═══ Material provided ═══
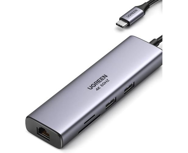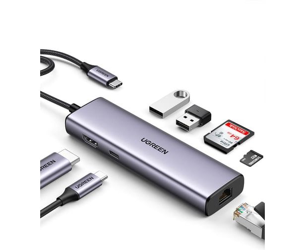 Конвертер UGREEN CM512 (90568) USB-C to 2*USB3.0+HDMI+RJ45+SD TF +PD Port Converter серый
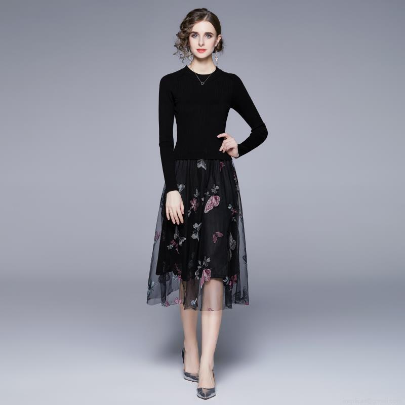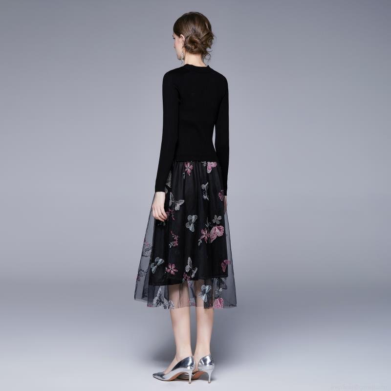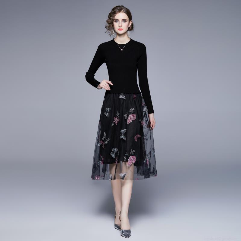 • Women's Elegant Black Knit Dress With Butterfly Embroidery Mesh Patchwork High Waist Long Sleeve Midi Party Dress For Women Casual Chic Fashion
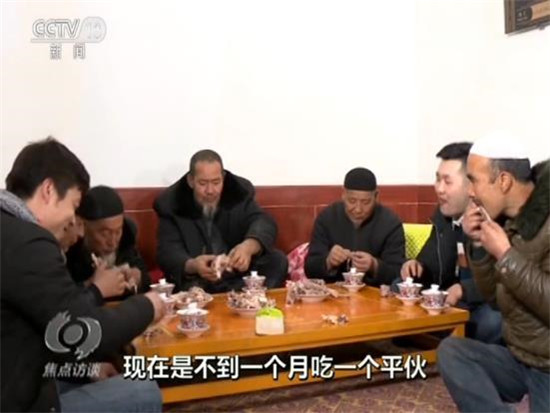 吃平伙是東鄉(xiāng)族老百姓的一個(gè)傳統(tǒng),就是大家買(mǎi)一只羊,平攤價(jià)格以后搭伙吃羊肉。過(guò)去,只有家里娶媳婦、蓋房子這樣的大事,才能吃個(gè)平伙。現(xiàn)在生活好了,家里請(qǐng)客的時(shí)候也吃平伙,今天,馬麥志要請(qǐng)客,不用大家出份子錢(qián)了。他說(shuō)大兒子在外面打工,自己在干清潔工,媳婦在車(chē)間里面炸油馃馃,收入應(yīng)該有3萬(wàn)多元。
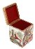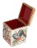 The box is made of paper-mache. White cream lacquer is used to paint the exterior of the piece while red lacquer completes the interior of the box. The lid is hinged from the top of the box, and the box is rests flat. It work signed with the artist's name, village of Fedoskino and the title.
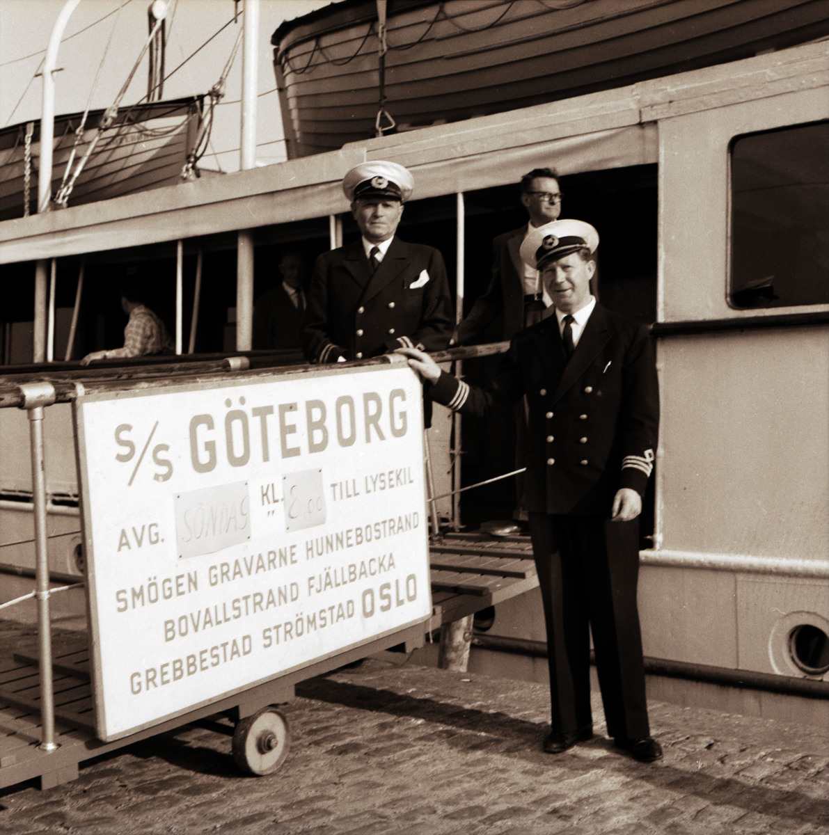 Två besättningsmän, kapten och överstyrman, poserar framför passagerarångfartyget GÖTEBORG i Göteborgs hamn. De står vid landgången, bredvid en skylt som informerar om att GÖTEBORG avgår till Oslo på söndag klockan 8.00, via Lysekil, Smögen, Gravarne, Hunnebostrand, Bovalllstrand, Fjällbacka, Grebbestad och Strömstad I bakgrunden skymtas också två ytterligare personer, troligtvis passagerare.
═══
* Aim of the exercise
Copy, word for word, the entries above from the first line to the line that holds "吃平伙是東鄉(xiāng)族". Drop the pictures.

* Written solution
 Конвертер UGREEN CM512 (90568) USB-C to 2*USB3.0+HDMI+RJ45+SD TF +PD Port Converter серый
 • Women's Elegant Black Knit Dress With Butterfly Embroidery Mesh Patchwork High Waist Long Sleeve Midi Party Dress For Women Casual Chic Fashion
 吃平伙是東鄉(xiāng)族老百姓的一個(gè)傳統(tǒng),就是大家買(mǎi)一只羊,平攤價(jià)格以后搭伙吃羊肉。過(guò)去,只有家里娶媳婦、蓋房子這樣的大事,才能吃個(gè)平伙。現(xiàn)在生活好了,家里請(qǐng)客的時(shí)候也吃平伙,今天,馬麥志要請(qǐng)客,不用大家出份子錢(qián)了。他說(shuō)大兒子在外面打工,自己在干清潔工,媳婦在車(chē)間里面炸油馃馃,收入應(yīng)該有3萬(wàn)多元。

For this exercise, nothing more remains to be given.